It was a hot day at the ballpark on August 2 when BUILD celebrated its 40th edition of the Peace League Softball All-Star Game. The tradition lived on at Little Cubs Field in Humboldt Park this year and served as the culmination of BUILD’s summer long softball league, known as the Donna Dudley Peace Project.

The Peace Project provides an opportunity for at-risk youth to use sports as a way to socialize, avoid negative influences and build self-esteem throughout the summer. Perhaps nobody knows the importance of BUILD’s Peace League and all-star event more than Heriberto “Coco” Calixto (pictured right). Coco is part of the BUILD family and has been involved with the Peace League All-Star event for 35 years.

“BUILD has been using softball as an avenue to reduce violence; reduce gang-banging,” said Coco. “It’s an activity that the youth that we work with have an interest in. So we use the interest and get them involved in big events like this.”

BUILD youth participants, parents, staff, alumni, community members and the Chicago Police Department spent the day enjoying softball, music, food, and art. Four separate softball games took place throughout the day: the grammar school all-star game, the high school all-star game and the BUILD alumni vs. staff all-star game.
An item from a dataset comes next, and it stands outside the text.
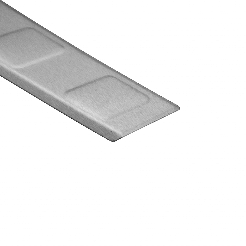 The Aroba stainless steel rear bumper protection protects the entire loading area from scratches and damage. This loading edge protection is precisely shaped to fit perfectly over the shape of the bumper.
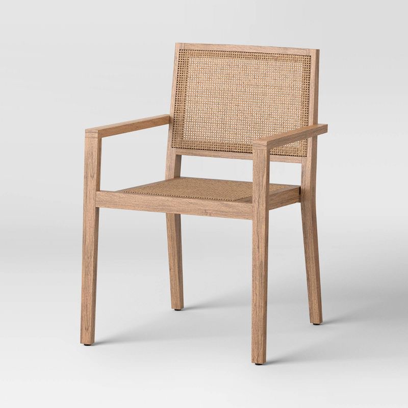 Sit back and relax outdoors with this Wood Caning Stackable Patio Chair from Threshold™ designed with Studio McGee. This wooden patio chair features fixed arms and a woven caning seat and back to prov…

As a grand finale, the Peace League all-stars squared off in a game against the Chicago Police Department. This game is designed to help change the narrative between law enforcement and community members by allowing them to connect on a human level in a relaxed environment.

 

Charlie, a member of the CPD all-star team this year and last year, feels this game is an important tool in building relations between law enforcement and community. “Just get everyone from different backgrounds and just come out and have fun; get the fans interacted with us and everything like that,” Charlie said. “I think it’s really good for everyone to come out and do this.”

BUILD Creative Arts Assistant Adolfo Tolayo has been part of the Peace League All-Star event for eight years, and he too recognizes the importance of this game. “Every time, it’s really, really exciting because the gangs vs. cops – it’s really fun to see that because you always hear gangs fighting with the cops, or shootouts with them or something negative with the cops and the gangs,” Tolayo said. “And what you see here is like, cops and gang members are actually playing a peaceful game of softball – that’s just amazing.”

In addition to the softball games, the Peace League All-Star event provides an opportunity to recognize a special person with exemplary service to youth and community by presenting them with the Cali Award. The Cali Award is named after Chicago police officer Joseph Cali, who was killed on May 19, 1975 while issuing a parking ticket on the Near West Side. Cali was engaged in the community and played a tremendous role in changing the lives’ of young people. This year’s recipient of the Cali Award was Patricia Harris, the Owner and Operator of Mrs. Pudding’s Daycare.

Harris, who is known in her community as Mrs. Puddin’, helps keep her neighborhood clean by doing a weekly cleanup, is an active member of her church and assists the homeless in her community as well. She is also taking a lead role as an advisor for her block club. It was a fun and exciting day for the entire community at this year’s Peace League All-Start event, and here at BUILD, we are excited for the next 40 years of this proud tradition. Events like this allow us to provide a safe environment where people of all ages and backgrounds can come out and enjoy themselves without the threat of violence.

For BUILD Case Manager Lorenzo Logan, the positive energy produced at this event is something he feels people can carry with them beyond just this one day.“I see love, I see excitement, I see involvement, I see enthusiasm, I see life, I see light. And it’s a good feeling,” Logan said. “For you to take that energy right here and put it back into the community, back into families – and it becomes a reciprocal effect.”